• [ACTIVITY]: Set down all of the data that follows word for word, without the images.
BEGIN DATASET EXTRACT
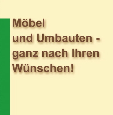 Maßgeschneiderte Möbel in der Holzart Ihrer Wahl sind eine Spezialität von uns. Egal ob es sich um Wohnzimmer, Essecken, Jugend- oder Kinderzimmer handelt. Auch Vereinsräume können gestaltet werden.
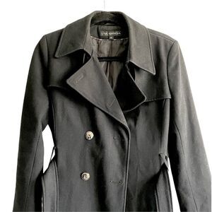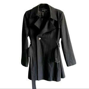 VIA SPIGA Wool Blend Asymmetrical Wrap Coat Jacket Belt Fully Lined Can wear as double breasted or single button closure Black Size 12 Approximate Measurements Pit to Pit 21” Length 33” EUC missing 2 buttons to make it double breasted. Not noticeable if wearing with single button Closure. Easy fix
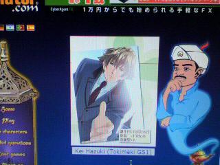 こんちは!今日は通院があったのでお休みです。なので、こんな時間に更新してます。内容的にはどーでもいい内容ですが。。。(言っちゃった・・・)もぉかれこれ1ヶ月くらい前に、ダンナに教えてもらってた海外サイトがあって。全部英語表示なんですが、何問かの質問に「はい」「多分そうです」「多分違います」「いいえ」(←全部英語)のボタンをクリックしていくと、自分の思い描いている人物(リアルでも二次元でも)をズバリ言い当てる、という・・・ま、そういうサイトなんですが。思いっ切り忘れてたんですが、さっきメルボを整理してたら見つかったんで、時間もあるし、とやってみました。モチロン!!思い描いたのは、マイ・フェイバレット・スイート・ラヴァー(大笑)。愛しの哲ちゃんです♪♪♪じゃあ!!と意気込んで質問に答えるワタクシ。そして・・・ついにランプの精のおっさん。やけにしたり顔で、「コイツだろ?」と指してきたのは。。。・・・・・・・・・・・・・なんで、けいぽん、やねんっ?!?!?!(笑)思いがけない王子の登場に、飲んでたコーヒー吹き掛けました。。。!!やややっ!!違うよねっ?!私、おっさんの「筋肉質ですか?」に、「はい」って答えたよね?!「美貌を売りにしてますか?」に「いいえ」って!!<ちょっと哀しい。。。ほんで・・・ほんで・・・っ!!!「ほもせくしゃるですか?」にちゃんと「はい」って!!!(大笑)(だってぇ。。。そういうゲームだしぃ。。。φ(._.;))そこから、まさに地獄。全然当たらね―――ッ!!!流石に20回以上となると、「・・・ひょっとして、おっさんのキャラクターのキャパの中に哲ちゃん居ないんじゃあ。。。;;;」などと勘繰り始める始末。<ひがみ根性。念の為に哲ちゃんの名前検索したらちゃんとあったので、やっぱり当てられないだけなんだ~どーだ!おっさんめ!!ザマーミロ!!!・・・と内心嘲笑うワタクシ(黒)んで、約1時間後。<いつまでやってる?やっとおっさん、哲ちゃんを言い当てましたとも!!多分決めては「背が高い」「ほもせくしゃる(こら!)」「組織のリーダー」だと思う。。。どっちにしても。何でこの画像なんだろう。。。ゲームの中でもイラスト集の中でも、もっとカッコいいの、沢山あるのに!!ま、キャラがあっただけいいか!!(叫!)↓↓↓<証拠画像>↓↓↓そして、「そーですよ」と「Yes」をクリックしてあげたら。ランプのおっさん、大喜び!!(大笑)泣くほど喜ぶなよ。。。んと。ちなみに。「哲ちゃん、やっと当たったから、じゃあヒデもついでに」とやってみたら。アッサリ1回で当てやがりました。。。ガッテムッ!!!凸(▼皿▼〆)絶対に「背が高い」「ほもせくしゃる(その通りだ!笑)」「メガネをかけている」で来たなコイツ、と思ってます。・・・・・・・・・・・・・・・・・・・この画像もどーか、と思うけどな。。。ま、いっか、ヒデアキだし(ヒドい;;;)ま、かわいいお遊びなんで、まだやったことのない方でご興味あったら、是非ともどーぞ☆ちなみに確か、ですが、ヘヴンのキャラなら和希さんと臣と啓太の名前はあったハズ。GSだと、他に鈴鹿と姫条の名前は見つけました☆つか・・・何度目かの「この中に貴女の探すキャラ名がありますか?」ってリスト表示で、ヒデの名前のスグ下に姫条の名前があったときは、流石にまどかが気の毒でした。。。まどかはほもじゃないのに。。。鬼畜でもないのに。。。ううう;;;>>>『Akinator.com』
END DATASET EXTRACT
• [EXERCISE OUTPUT]:
 Maßgeschneiderte Möbel in der Holzart Ihrer Wahl sind eine Spezialität von uns. Egal ob es sich um Wohnzimmer, Essecken, Jugend- oder Kinderzimmer handelt. Auch Vereinsräume können gestaltet werden.
 VIA SPIGA Wool Blend Asymmetrical Wrap Coat Jacket Belt Fully Lined Can wear as double breasted or single button closure Black Size 12 Approximate Measurements Pit to Pit 21” Length 33” EUC missing 2 buttons to make it double breasted. Not noticeable if wearing with single button Closure. Easy fix
 こんちは!今日は通院があったのでお休みです。なので、こんな時間に更新してます。内容的にはどーでもいい内容ですが。。。(言っちゃった・・・)もぉかれこれ1ヶ月くらい前に、ダンナに教えてもらってた海外サイトがあって。全部英語表示なんですが、何問かの質問に「はい」「多分そうです」「多分違います」「いいえ」(←全部英語)のボタンをクリックしていくと、自分の思い描いている人物(リアルでも二次元でも)をズバリ言い当てる、という・・・ま、そういうサイトなんですが。思いっ切り忘れてたんですが、さっきメルボを整理してたら見つかったんで、時間もあるし、とやってみました。モチロン!!思い描いたのは、マイ・フェイバレット・スイート・ラヴァー(大笑)。愛しの哲ちゃんです♪♪♪じゃあ!!と意気込んで質問に答えるワタクシ。そして・・・ついにランプの精のおっさん。やけにしたり顔で、「コイツだろ?」と指してきたのは。。。・・・・・・・・・・・・・なんで、けいぽん、やねんっ?!?!?!(笑)思いがけない王子の登場に、飲んでたコーヒー吹き掛けました。。。!!やややっ!!違うよねっ?!私、おっさんの「筋肉質ですか?」に、「はい」って答えたよね?!「美貌を売りにしてますか?」に「いいえ」って!!<ちょっと哀しい。。。ほんで・・・ほんで・・・っ!!!「ほもせくしゃるですか?」にちゃんと「はい」って!!!(大笑)(だってぇ。。。そういうゲームだしぃ。。。φ(._.;))そこから、まさに地獄。全然当たらね―――ッ!!!流石に20回以上となると、「・・・ひょっとして、おっさんのキャラクターのキャパの中に哲ちゃん居ないんじゃあ。。。;;;」などと勘繰り始める始末。<ひがみ根性。念の為に哲ちゃんの名前検索したらちゃんとあったので、やっぱり当てられないだけなんだ~どーだ!おっさんめ!!ザマーミロ!!!・・・と内心嘲笑うワタクシ(黒)んで、約1時間後。<いつまでやってる?やっとおっさん、哲ちゃんを言い当てましたとも!!多分決めては「背が高い」「ほもせくしゃる(こら!)」「組織のリーダー」だと思う。。。どっちにしても。何でこの画像なんだろう。。。ゲームの中でもイラスト集の中でも、もっとカッコいいの、沢山あるのに!!ま、キャラがあっただけいいか!!(叫!)↓↓↓<証拠画像>↓↓↓そして、「そーですよ」と「Yes」をクリックしてあげたら。ランプのおっさん、大喜び!!(大笑)泣くほど喜ぶなよ。。。んと。ちなみに。「哲ちゃん、やっと当たったから、じゃあヒデもついでに」とやってみたら。アッサリ1回で当てやがりました。。。ガッテムッ!!!凸(▼皿▼〆)絶対に「背が高い」「ほもせくしゃる(その通りだ!笑)」「メガネをかけている」で来たなコイツ、と思ってます。・・・・・・・・・・・・・・・・・・・この画像もどーか、と思うけどな。。。ま、いっか、ヒデアキだし(ヒドい;;;)ま、かわいいお遊びなんで、まだやったことのない方でご興味あったら、是非ともどーぞ☆ちなみに確か、ですが、ヘヴンのキャラなら和希さんと臣と啓太の名前はあったハズ。GSだと、他に鈴鹿と姫条の名前は見つけました☆つか・・・何度目かの「この中に貴女の探すキャラ名がありますか?」ってリスト表示で、ヒデの名前のスグ下に姫条の名前があったときは、流石にまどかが気の毒でした。。。まどかはほもじゃないのに。。。鬼畜でもないのに。。。ううう;;;>>>『Akinator.com』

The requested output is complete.